- [What you have to do] Please write out all the entries exactly, without the pictures.

Dataset excerpts

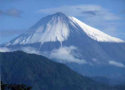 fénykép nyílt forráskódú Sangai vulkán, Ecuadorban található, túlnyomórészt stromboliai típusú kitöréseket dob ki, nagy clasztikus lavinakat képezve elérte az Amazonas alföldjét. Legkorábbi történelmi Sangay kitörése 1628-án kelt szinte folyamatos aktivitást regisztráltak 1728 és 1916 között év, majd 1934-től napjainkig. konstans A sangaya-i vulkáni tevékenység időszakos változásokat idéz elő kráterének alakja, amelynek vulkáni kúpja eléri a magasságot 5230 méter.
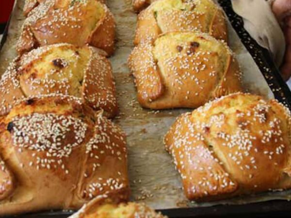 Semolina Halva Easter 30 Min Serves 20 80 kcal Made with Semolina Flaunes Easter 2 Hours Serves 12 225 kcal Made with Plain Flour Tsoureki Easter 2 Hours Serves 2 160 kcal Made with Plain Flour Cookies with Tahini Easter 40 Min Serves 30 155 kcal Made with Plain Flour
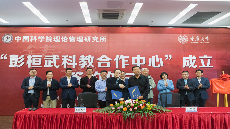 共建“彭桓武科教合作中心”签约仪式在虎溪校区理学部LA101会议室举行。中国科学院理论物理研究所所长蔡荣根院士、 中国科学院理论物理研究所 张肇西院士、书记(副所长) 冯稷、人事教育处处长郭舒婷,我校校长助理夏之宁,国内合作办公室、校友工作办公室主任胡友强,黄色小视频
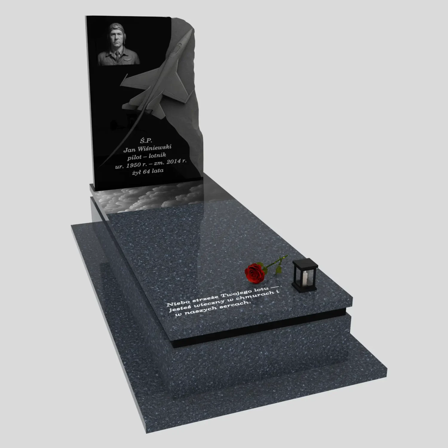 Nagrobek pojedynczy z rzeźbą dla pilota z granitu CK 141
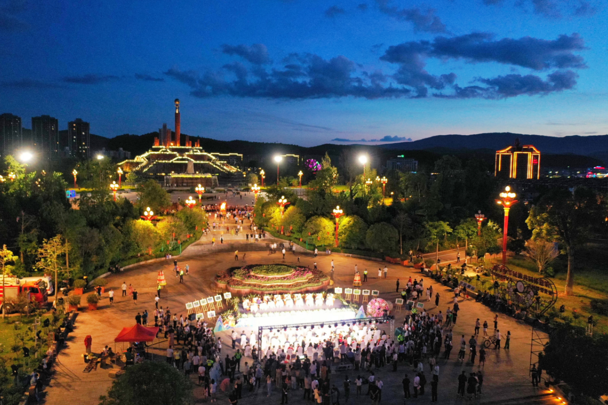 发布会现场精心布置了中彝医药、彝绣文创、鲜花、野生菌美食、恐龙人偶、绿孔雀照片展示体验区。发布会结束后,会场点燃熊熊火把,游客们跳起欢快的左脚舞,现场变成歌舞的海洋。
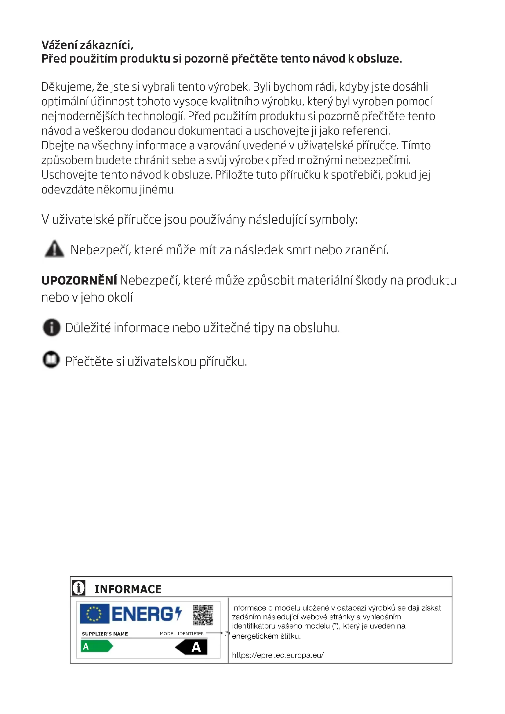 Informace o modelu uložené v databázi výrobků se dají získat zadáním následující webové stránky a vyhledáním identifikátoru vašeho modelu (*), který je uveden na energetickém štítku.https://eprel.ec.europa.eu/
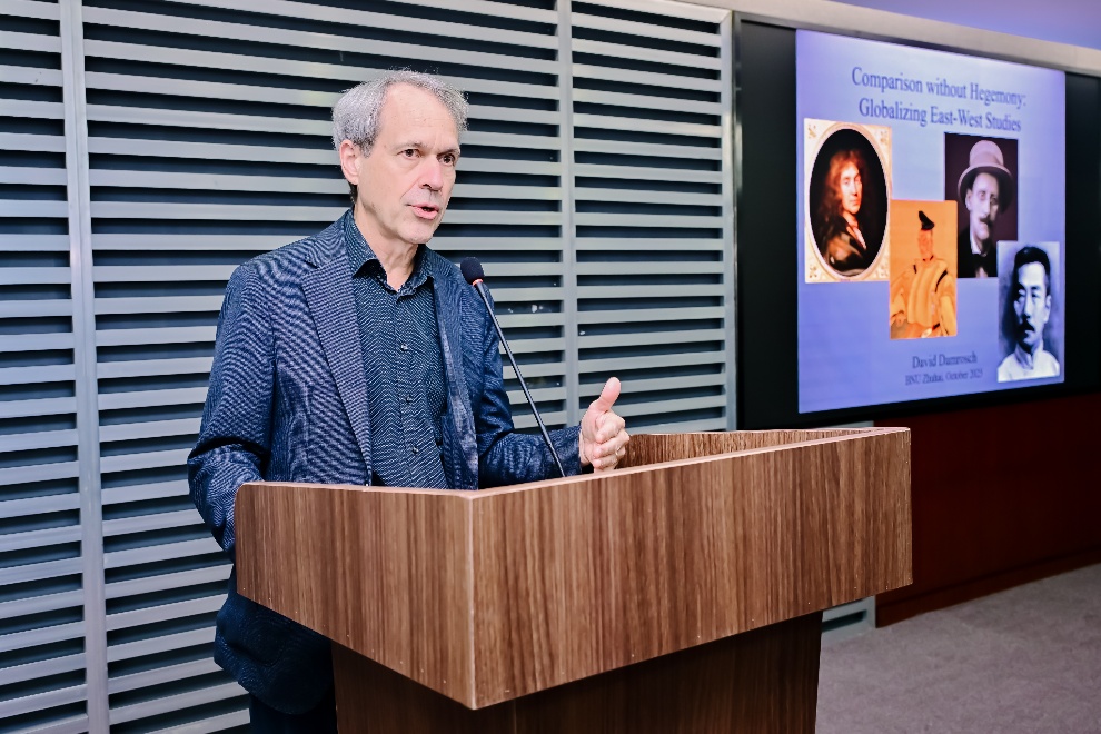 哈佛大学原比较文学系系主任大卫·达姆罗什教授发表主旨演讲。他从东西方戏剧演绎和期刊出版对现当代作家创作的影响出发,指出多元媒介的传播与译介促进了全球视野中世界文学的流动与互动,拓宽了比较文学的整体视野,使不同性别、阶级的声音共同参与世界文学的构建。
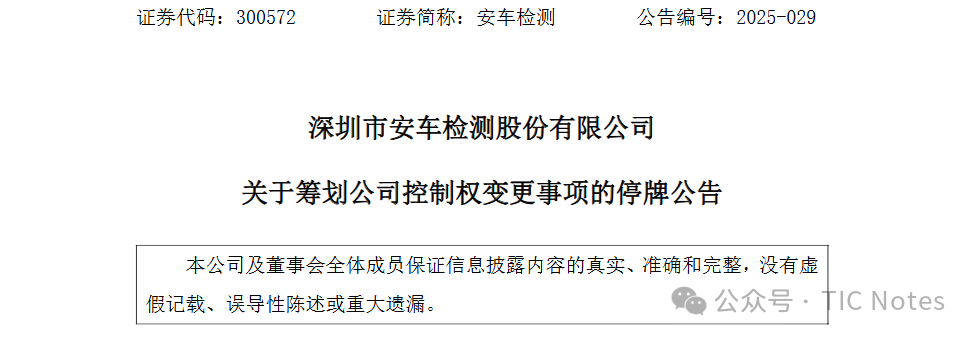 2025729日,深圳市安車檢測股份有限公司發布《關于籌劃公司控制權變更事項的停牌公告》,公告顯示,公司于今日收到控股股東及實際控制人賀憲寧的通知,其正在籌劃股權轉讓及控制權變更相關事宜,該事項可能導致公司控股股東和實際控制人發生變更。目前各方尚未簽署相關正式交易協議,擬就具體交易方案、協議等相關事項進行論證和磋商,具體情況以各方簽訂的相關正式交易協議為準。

- [Problem solution]
 fénykép nyílt forráskódú Sangai vulkán, Ecuadorban található, túlnyomórészt stromboliai típusú kitöréseket dob ki, nagy clasztikus lavinakat képezve elérte az Amazonas alföldjét. Legkorábbi történelmi Sangay kitörése 1628-án kelt szinte folyamatos aktivitást regisztráltak 1728 és 1916 között év, majd 1934-től napjainkig. konstans A sangaya-i vulkáni tevékenység időszakos változásokat idéz elő kráterének alakja, amelynek vulkáni kúpja eléri a magasságot 5230 méter.
 Semolina Halva Easter 30 Min Serves 20 80 kcal Made with Semolina Flaunes Easter 2 Hours Serves 12 225 kcal Made with Plain Flour Tsoureki Easter 2 Hours Serves 2 160 kcal Made with Plain Flour Cookies with Tahini Easter 40 Min Serves 30 155 kcal Made with Plain Flour
 共建“彭桓武科教合作中心”签约仪式在虎溪校区理学部LA101会议室举行。中国科学院理论物理研究所所长蔡荣根院士、 中国科学院理论物理研究所 张肇西院士、书记(副所长) 冯稷、人事教育处处长郭舒婷,我校校长助理夏之宁,国内合作办公室、校友工作办公室主任胡友强,黄色小视频
 Nagrobek pojedynczy z rzeźbą dla pilota z granitu CK 141
 发布会现场精心布置了中彝医药、彝绣文创、鲜花、野生菌美食、恐龙人偶、绿孔雀照片展示体验区。发布会结束后,会场点燃熊熊火把,游客们跳起欢快的左脚舞,现场变成歌舞的海洋。
 Informace o modelu uložené v databázi výrobků se dají získat zadáním následující webové stránky a vyhledáním identifikátoru vašeho modelu (*), který je uveden na energetickém štítku.https://eprel.ec.europa.eu/
 哈佛大学原比较文学系系主任大卫·达姆罗什教授发表主旨演讲。他从东西方戏剧演绎和期刊出版对现当代作家创作的影响出发,指出多元媒介的传播与译介促进了全球视野中世界文学的流动与互动,拓宽了比较文学的整体视野,使不同性别、阶级的声音共同参与世界文学的构建。
 2025729日,深圳市安車檢測股份有限公司發布《關于籌劃公司控制權變更事項的停牌公告》,公告顯示,公司于今日收到控股股東及實際控制人賀憲寧的通知,其正在籌劃股權轉讓及控制權變更相關事宜,該事項可能導致公司控股股東和實際控制人發生變更。目前各方尚未簽署相關正式交易協議,擬就具體交易方案、協議等相關事項進行論證和磋商,具體情況以各方簽訂的相關正式交易協議為準。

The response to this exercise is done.